A large crowd at Nippon Culture Day at UH had many options for learning more about Japanese culture.
Blaze Calizo

Japanese traditions shared broadly on Nippon Culture Day

Gathering at UH was largest in event history

Nippon Culture Day continues to grow in popularity at the University of Hawai’i, attracting more than 850 people to the Campus Center Ballroom Friday. The previous high turnout for the cultural event was 700, last year.
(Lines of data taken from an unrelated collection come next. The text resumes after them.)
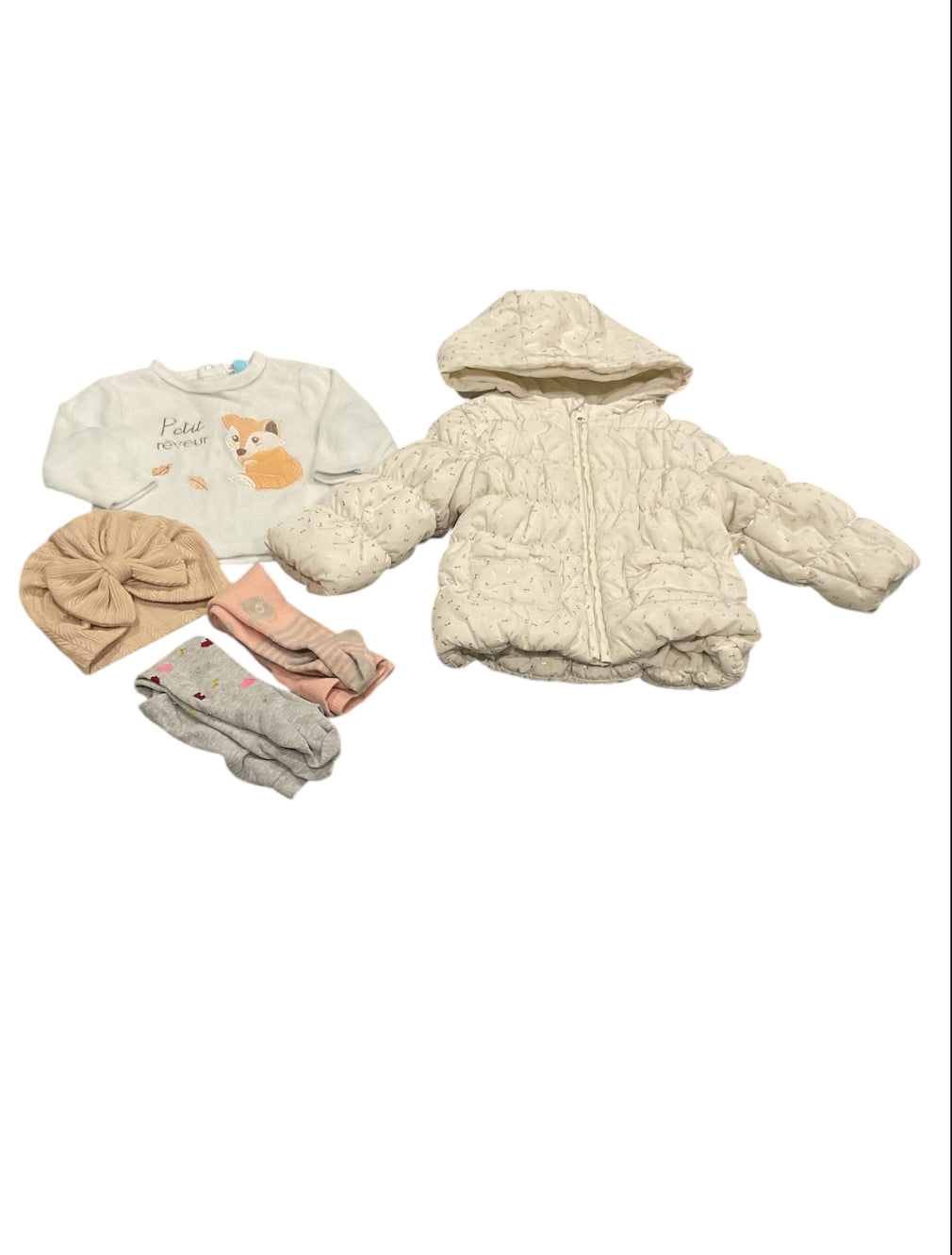 - 1 doudoune à capuche blanche, petit noeuds dorés, ( noeuds effacés sur le devant), 12 mois. 0,50€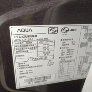 査定した商品はAQUA(アクア)ドラム式洗濯乾燥機 AQW-DX12P-Lです。洗濯容量12kgの大容量ドラム式モデルで、洗濯から乾燥まで対応する家庭用の高機能洗濯機です。ファミリー世帯でも使用できる容量帯で、中古市場でも需要が高い機種のひとつです。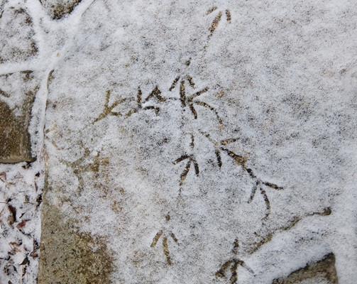 我が家のスズメ用の玄米を狙って訪れる“はとぽ(キジバト)”の足跡です。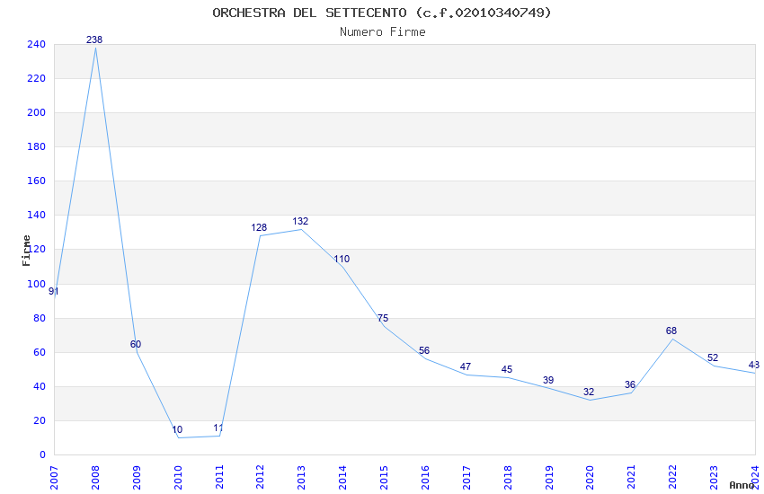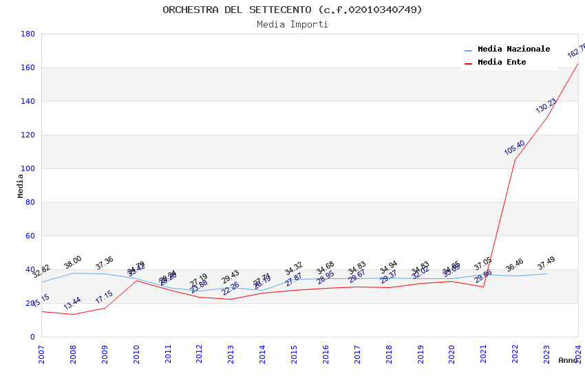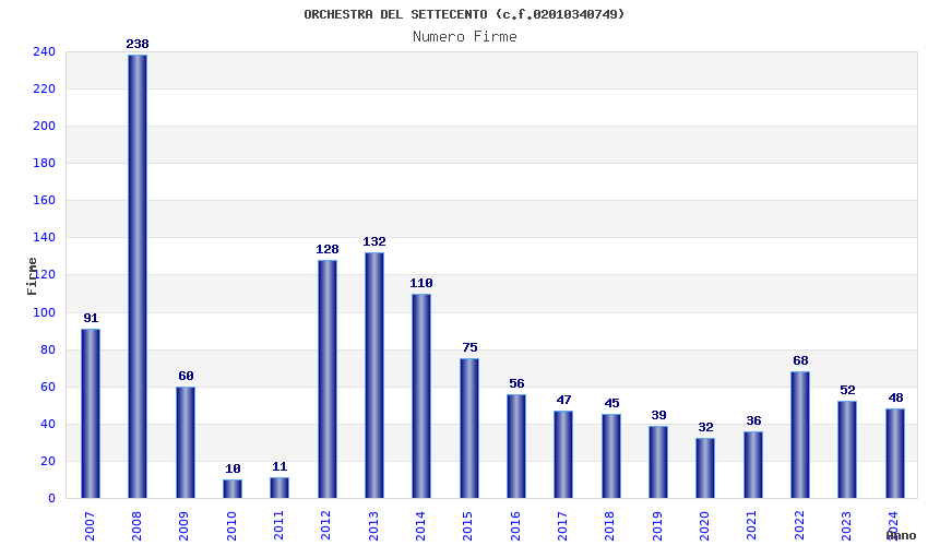 | Anno | Firme | Importi | Media | Naz. | Reg. | Prov. | Comu. |

The event — organized by the Japanese program within the East Asian Languages & Literatures department, which is the largest academic program of its kind in the United States — gave high school students, college students and community members opportunities to experience traditional and contemporary Japanese culture first-hand via various games and other types of interactive learning opportunities. Those activities included tables for playing card games, such as Karuta and Hanafuda, or making origami. Fluent speakers of Japanese and musicians specializing in traditional Japanese instruments also gave impromptu lessons. Others led Ikebana or Tea Ceremony workshops.

Sara Vedra, a first-year Japanese major at UH, for example, took an Ikebana lesson. Ikebana is the centuries-old Japanese art of arranging flowers, using carefully selected blossoms, greenery and other flora to convey specific feelings.

“It was lots of fun,” Vedra said. “The teachers made sure to give encouragements and advice. This experience allowed me to see what childhood games and traditional cultures are kinda like.”

Organizers of the event included Yumiko Tateyama, Pier-Carlo Tommasi and Masaru Mito; other participating organizations included the Japan Exchange and Teaching (JET) Program, the UH Study Abroad Center and the Hawai’i Language Roadmap Initiative.

Samantha Tan, a Ph.D. student in the EALL department, said that cultural events, like Nippon Culture Day, help people to learn and better understand the language as well.

“A lot of people just think, ‘Oh, Japan, anime and manga.’ But, there’s way more than that, there’s music, traditional games like Karuta and Hanafuda, and cultural things, like how to bow,” she said. “It’s important to know about the language. You can’t separate language and culture. … there (are) multiple layers of it, and this is still just barely scratching the surface.”